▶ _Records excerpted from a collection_

*-*-*

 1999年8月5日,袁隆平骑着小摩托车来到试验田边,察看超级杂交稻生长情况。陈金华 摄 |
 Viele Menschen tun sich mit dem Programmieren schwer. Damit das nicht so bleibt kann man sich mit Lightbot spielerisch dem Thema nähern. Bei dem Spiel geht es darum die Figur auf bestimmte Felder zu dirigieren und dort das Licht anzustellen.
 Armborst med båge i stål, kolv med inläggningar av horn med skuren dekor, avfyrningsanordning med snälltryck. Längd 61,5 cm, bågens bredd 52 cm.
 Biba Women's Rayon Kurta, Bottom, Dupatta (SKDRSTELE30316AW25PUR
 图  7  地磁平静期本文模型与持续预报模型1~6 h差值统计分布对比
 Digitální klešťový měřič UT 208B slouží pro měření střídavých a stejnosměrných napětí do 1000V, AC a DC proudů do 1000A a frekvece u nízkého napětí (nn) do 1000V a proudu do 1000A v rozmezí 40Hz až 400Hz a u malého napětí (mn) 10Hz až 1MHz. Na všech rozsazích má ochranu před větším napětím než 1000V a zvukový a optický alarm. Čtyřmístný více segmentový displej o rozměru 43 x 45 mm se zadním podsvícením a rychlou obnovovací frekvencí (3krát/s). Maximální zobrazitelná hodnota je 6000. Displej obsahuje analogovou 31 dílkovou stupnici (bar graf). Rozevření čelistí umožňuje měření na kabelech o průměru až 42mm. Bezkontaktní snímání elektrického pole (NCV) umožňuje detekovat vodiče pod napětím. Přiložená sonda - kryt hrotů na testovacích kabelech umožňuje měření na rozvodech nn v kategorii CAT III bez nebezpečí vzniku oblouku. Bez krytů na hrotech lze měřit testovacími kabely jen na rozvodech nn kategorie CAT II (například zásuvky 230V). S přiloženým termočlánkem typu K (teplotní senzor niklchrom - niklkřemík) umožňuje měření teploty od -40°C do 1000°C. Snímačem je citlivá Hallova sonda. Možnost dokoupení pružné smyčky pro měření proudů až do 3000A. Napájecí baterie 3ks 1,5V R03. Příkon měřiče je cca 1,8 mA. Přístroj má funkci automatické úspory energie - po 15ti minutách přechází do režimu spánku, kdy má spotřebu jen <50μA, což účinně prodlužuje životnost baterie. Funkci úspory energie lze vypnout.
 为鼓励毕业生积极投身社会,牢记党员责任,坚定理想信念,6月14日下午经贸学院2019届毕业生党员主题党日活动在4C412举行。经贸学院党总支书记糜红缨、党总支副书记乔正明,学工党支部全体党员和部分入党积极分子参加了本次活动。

*-*-*

▶ _Aim of the exercise_
The required result is a verbatim copy of all the entries.

▶ _Result of the task_
 1999年8月5日,袁隆平骑着小摩托车来到试验田边,察看超级杂交稻生长情况。陈金华 摄 |
 Viele Menschen tun sich mit dem Programmieren schwer. Damit das nicht so bleibt kann man sich mit Lightbot spielerisch dem Thema nähern. Bei dem Spiel geht es darum die Figur auf bestimmte Felder zu dirigieren und dort das Licht anzustellen.
 Armborst med båge i stål, kolv med inläggningar av horn med skuren dekor, avfyrningsanordning med snälltryck. Längd 61,5 cm, bågens bredd 52 cm.
 Biba Women's Rayon Kurta, Bottom, Dupatta (SKDRSTELE30316AW25PUR
 图  7  地磁平静期本文模型与持续预报模型1~6 h差值统计分布对比
 Digitální klešťový měřič UT 208B slouží pro měření střídavých a stejnosměrných napětí do 1000V, AC a DC proudů do 1000A a frekvece u nízkého napětí (nn) do 1000V a proudu do 1000A v rozmezí 40Hz až 400Hz a u malého napětí (mn) 10Hz až 1MHz. Na všech rozsazích má ochranu před větším napětím než 1000V a zvukový a optický alarm. Čtyřmístný více segmentový displej o rozměru 43 x 45 mm se zadním podsvícením a rychlou obnovovací frekvencí (3krát/s). Maximální zobrazitelná hodnota je 6000. Displej obsahuje analogovou 31 dílkovou stupnici (bar graf). Rozevření čelistí umožňuje měření na kabelech o průměru až 42mm. Bezkontaktní snímání elektrického pole (NCV) umožňuje detekovat vodiče pod napětím. Přiložená sonda - kryt hrotů na testovacích kabelech umožňuje měření na rozvodech nn v kategorii CAT III bez nebezpečí vzniku oblouku. Bez krytů na hrotech lze měřit testovacími kabely jen na rozvodech nn kategorie CAT II (například zásuvky 230V). S přiloženým termočlánkem typu K (teplotní senzor niklchrom - niklkřemík) umožňuje měření teploty od -40°C do 1000°C. Snímačem je citlivá Hallova sonda. Možnost dokoupení pružné smyčky pro měření proudů až do 3000A. Napájecí baterie 3ks 1,5V R03. Příkon měřiče je cca 1,8 mA. Přístroj má funkci automatické úspory energie - po 15ti minutách přechází do režimu spánku, kdy má spotřebu jen <50μA, což účinně prodlužuje životnost baterie. Funkci úspory energie lze vypnout.
 为鼓励毕业生积极投身社会,牢记党员责任,坚定理想信念,6月14日下午经贸学院2019届毕业生党员主题党日活动在4C412举行。经贸学院党总支书记糜红缨、党总支副书记乔正明,学工党支部全体党员和部分入党积极分子参加了本次活动。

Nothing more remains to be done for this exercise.